Shared host-header / URL-host canonicalization used by MCP::OriginGuard and the Storage::VectorStore::Qdrant URL validator.

Both components need to reject numeric IPv4 notations that ‘URI` and `getaddrinfo` accept but `IPAddr` does not — hex (`0x7f000001`), bare integer (`2130706433`), octal (`017700000001` or `0177.0.0.1`), short-form (`127.1`), mixed-radix (`0x7f.0.0.1`).

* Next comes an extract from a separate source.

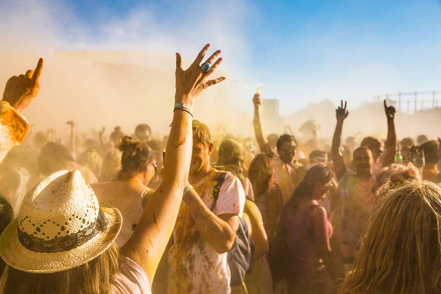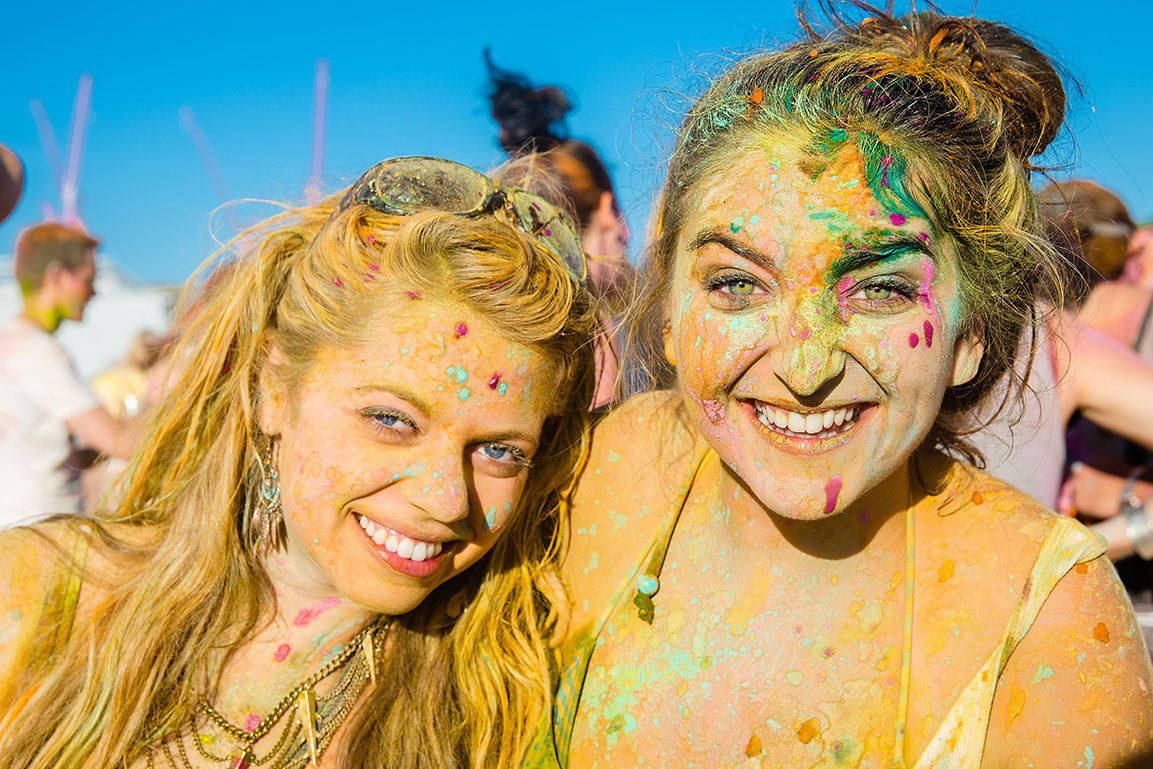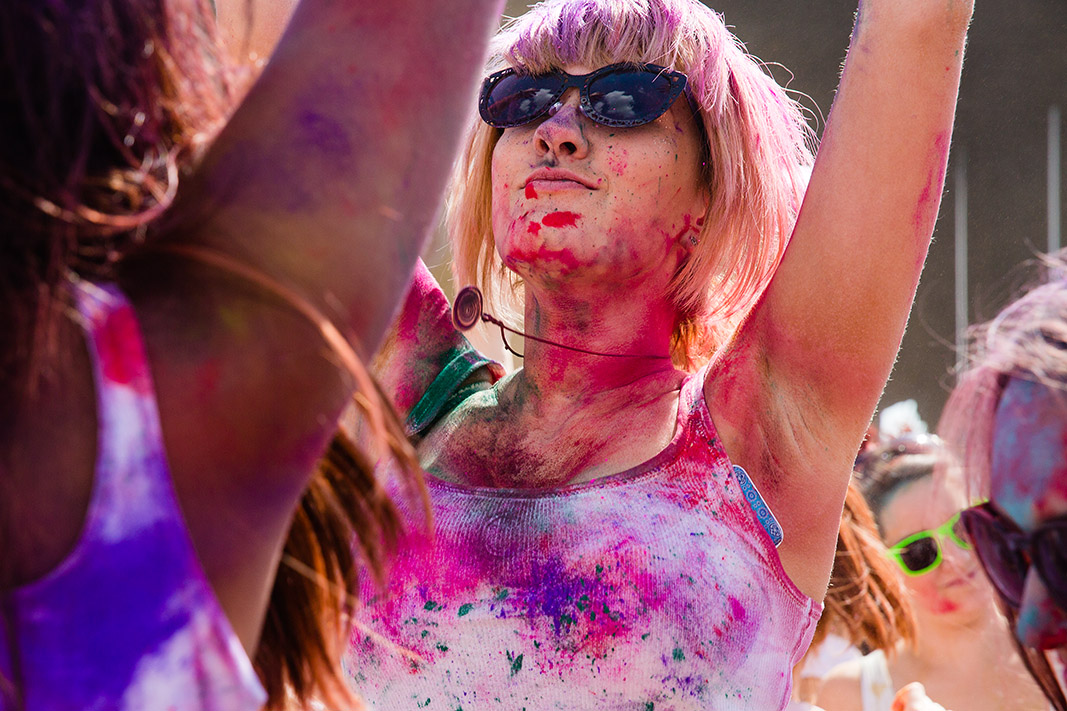 Every hour festival goers were encouraged to throw their powder en-mass. As they did, clouds of colour blocked out the sunlight, and participants were caked from head to toe in layers of powder.

Keeping the logic in one place prevents drift between the two defenses (which previously had slightly different regex lists).

Constant Summary

NUMERIC_HOST_BYPASS =

Non-canonical numeric IPv4 forms that legitimate clients never emit but ‘getaddrinfo` will happily resolve — rejecting the form is safer than trying to intuit the intended IPv4.

Regexp.union(
  /\A0x[0-9a-f]+\z/,           # hex: `0x7f000001`
  /\A\d+\z/,                   # bare integer: `2130706433`
  /\A0[0-7]+\z/,               # bare octal: `017700000001`
  /\A\d+\.\d+\z/,              # short-form two-part: `127.1`
  /\A\d+\.\d+\.\d+\z/          # short-form three-part: `127.0.1`
).freeze

SUSPICIOUS_OCTET =

Octets inside a four-part dotted form that tag the form as non-canonical: leading zero (octal interpretation), or ‘0x` prefix (hex interpretation).

Regexp.union(
  /\A0\d+\z/,                  # leading-zero octal: `0177`
  /\A0x[0-9a-f]+\z/            # hex octet: `0x7f`
).freeze

Class Method Summary

• .canonicalize(host) ⇒ String

  Canonicalize a host string: downcase, strip port, strip the FQDN trailing dot, drop IPv6 brackets.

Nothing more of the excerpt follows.